# BigQuery Pipeline
Google Cloud Datalab enables productionizing (i.e. scheduling and orchestrating) notebooks that accomplish ETL with BigQuery and GCS. This notebook illustrates how the 'pipeline' subcommand accomplishes this.

This requires either Cloud Composer to be running with an active environment, or Airflow installed on a VM.  

This requires prior setup with either Airflow or Google Cloud Composer

## Airflow 
Copy and execute airflow_vm_create.sh (https://github.com/googledatalab/notebooks/blob/master/samples/contrib/pipeline/airflow_vm_create.sh) in a terminal.

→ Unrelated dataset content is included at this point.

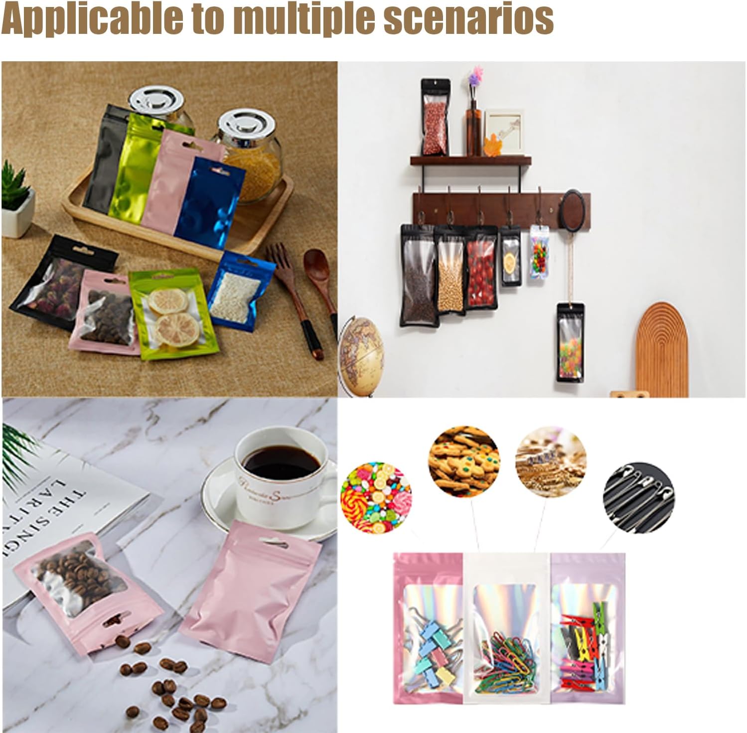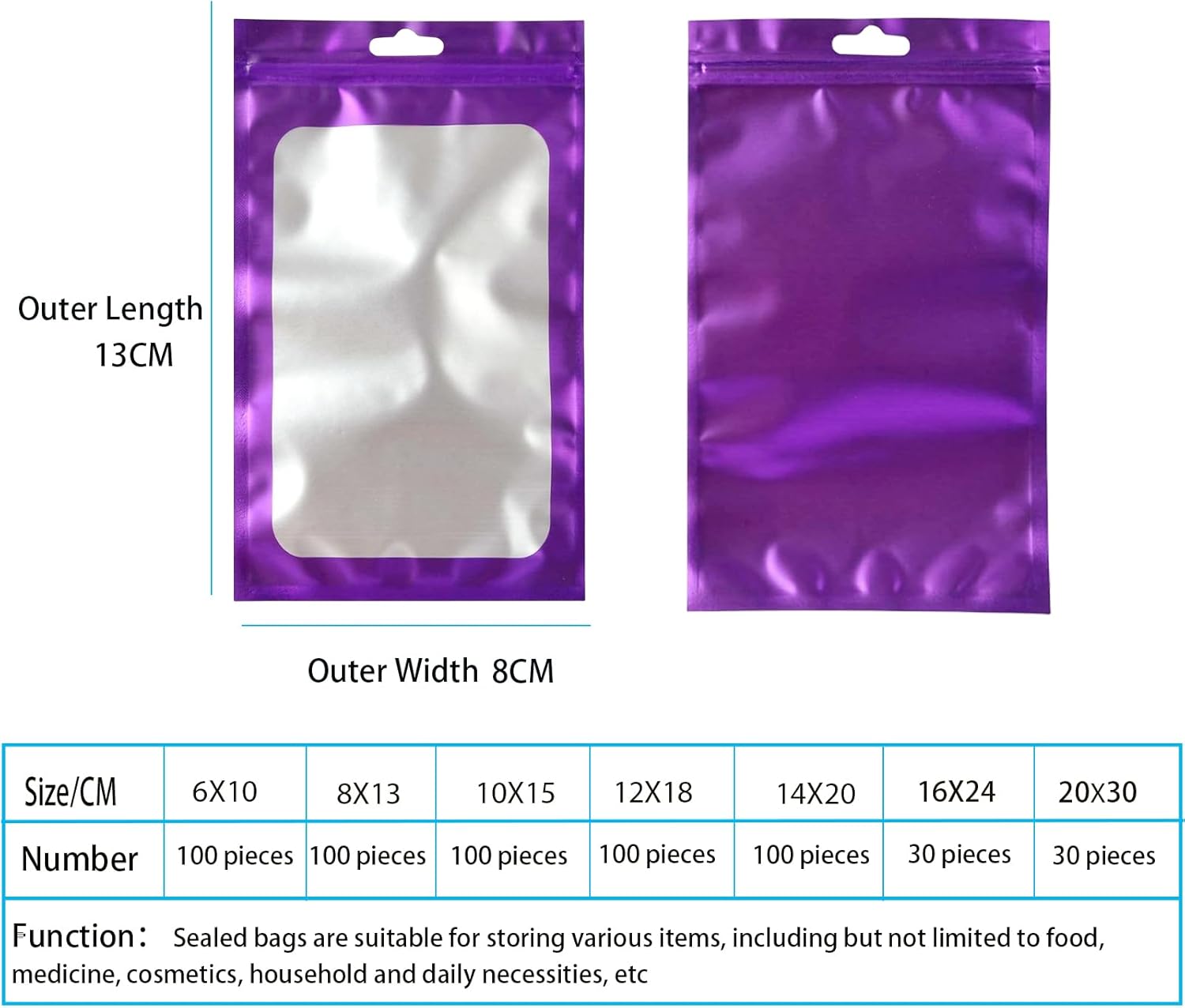 These bags come in a vibrant purple color with a transparent front, allowing you to showcase your items clearly. Perfect for storing various products, they can hold snacks, jewelry, and more. Their resealable design ensures that your items remain fresh and protected.

This will create a VM in your project with Airflow running on it. 

## Google Cloud Composer 
Refer https://cloud.google.com/composer/docs/quickstart to setup an active Composer environment.

In [66]:
%%bq pipeline --help

usage: %bq pipeline [-h] -n NAME [-e ENVIRONMENT] [-l LOCATION]
                    [-d GCS_DAG_BUCKET] [-f GCS_DAG_FILE_PATH]

Creates a pipeline to execute a SQL query to transform data using BigQuery.

optional arguments:
  -h, --help            show this help message and exit
  -n NAME, --name NAME  BigQuery pipeline name
  -e ENVIRONMENT, --environment ENVIRONMENT
                        The name of the Google Cloud Composer environment.
  -l LOCATION, --location LOCATION
                        The location of the Google Cloud Composer environment.
  -d GCS_DAG_BUCKET, --gcs_dag_bucket GCS_DAG_BUCKET
                        The Google Cloud Storage bucket for the Airflow dags.
  -f GCS_DAG_FILE_PATH, --gcs_dag_file_path GCS_DAG_FILE_PATH
                        The file path suffix for the Airflow dags.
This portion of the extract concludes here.